В. И. Ленин высоко ценил критику Аристотелем идей Платона. «Когда один идеалист критикует основы идеализма другого идеалиста, от этого всегда выигрывает материализм», — пишет он, конспектируя лекции Гегеля по истории философии. И здесь же с неодобрением замечает, что, «излагая полемику Аристотеля с учением Платона об идеях, Гегель скрадывает ее материалистические черты» (3, 29, 255; 254). Действительно, в своей критике Платона Аристотель невольно приближается к материализму и отчасти приходит в противоречие со своим собственным объективно-идеалистическим учением, согласно которому существуют обособленные от материи сверхприродные неподвижные первые сущности — формы и эти «вечные вещи — прежде преходящих» (22, 159), а также существует и бог — вместилище этих вечных бестелесных сущностей. Однако не это главное в учении Аристотеля. Говоря об аристотелевской идее бога, В. И. Ленин отмечает, что, «конечно, это — идеализм, но он объективнее и отдаленнее, общее, чем идеализм Платона, а потому в натурфилософии чаще = материализму» (3, 29, 255). Действительно, бог в системе Аристотеля чужд мирозданию. Он не творит мир, как демиург Платона. Аристотель — ученик Платона — с недоумением спрашивает: «Что это за существо, которое действует, взирая на идеи?» (22, 225). От платоновского Эроса как стремления всего живого к идеальному и к богу у Аристотеля остается лишь слабый отзвук, ибо бог как цель у него не раскрыт. Для нашего философа характерна внутренняя телеология: стремление к богу превращается в стремление всего живого к собственному благу и осуществленность этого стремления — энтелехия — совершается не в потустороннем, как у Платона, а в реальном мире, который вовсе не превращается у Стагирита в платоновский «театр теней». Природа, по Аристотелю существует реально, объективно и вечно, и в боге она повторяется слабо.
Глава III
ВТОРАЯ ФИЛОСОФИЯ, ИЛИ ФИЗИКА
Первая философия не единственная наука, изучающая сущее. Этим занимаются и другие науки. Но они, будучи «частными», исследуют ту или иную «часть его», «то или другое бытие», «какую-нибудь отдельную область» и «не дают никакого обоснования для сути предмета» (22, 58; 107). Таковы математика и физика, или «вторая философия».
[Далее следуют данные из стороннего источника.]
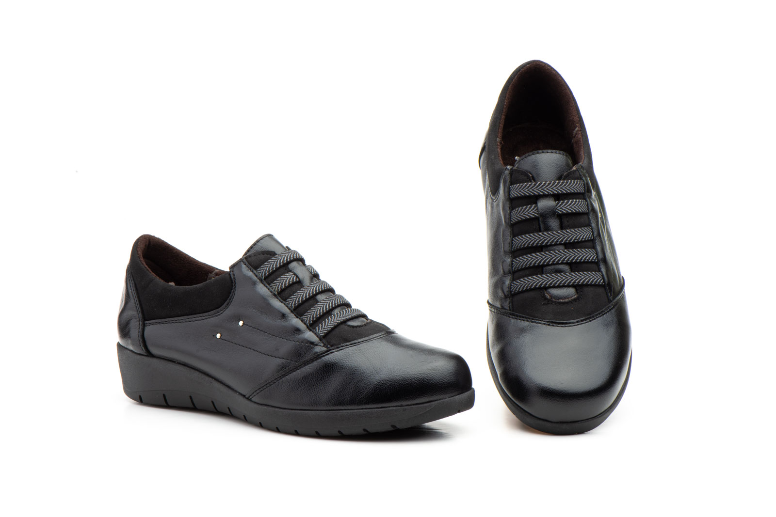 5567 Zapato para señora en piel de color negro con elásticos ( hecho en España)

Математика. Если первая философия рассматривает прежде всего и главным образом неподвижные и обособленные от материи предметы, первые сущности, формы, то «у математики некоторые отрасли имеют дело с объектами неподвижными, но такими, пожалуй, которые не существуют отдельно, а даются в материи» (там же, 108). Аристотель различает «общую математику» и геометрию и астрономию. Последние занимаются отдельными областями сущего, тогда как «общая математика имеет отношение ко всем». Мысль об универсальности математики не получила, однако, развития у Аристотеля.
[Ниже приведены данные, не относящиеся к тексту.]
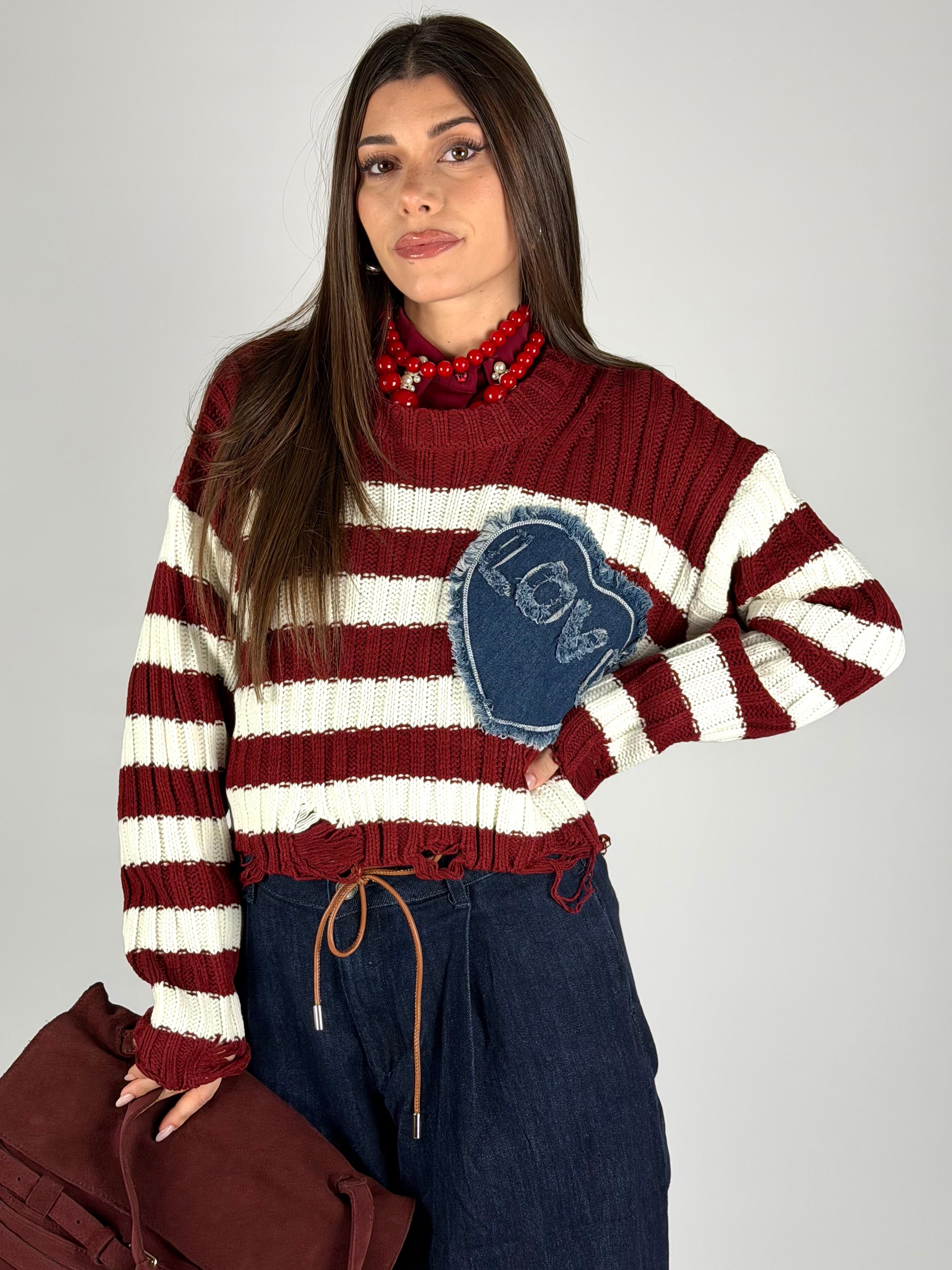 Maglia cuore denim bordeaux

В центре внимания мыслителя не отдельная специальная математическая проблема вроде задачи на удвоение куба, а основной вопрос философии математики — вопрос о природе числа, который он формулирует так; «Если существуют математические предметы, то они должны либо находиться в чувственных вещах, как утверждают некоторые, либо быть отдельно от чувственных вещей (и это тоже некоторые говорят); а если они не существуют ни тем, ни другим путем, тогда они либо [вообще] не существуют, либо существуют в ином смысле: таким образом, [в этом последнем случае] спорным у нас будет [уже] не то, существуют ли они, но каким образом [они существуют]» (там же, 218–219). По мнению Стагирита, математические предметы не существуют ни отдельно от чувственных вещей, ни в самих чувственных вещах. Что касается первой возможности, то Аристотель говорит, «что предметы математики нельзя отделять от чувственных вещей, как это утверждают некоторые, и что начало вещей — не в них» (там же, 252). Этими словами заканчивается «Метафизика». Но математические предметы не существуют и в вещах. Они всего лишь определенные акциденции физических вещей, абстрагируемые умом: «[Свойства же], неотделимые от тела, но с другой стороны, поскольку они не являются состояниями определенного тела и [берутся] в абстракции, [изучает] математик» (28, 8). Как отмечал В. И. Ленин, читая третью главу тринадцатой книги Метафизики», Аристотель решает трудности, связанные с определением предмета математики, «превосходно, отчетливо, ясно, материалистически (математика и другие науки абстрагируют одну из сторон тела, явления, жизни)» 29. 330).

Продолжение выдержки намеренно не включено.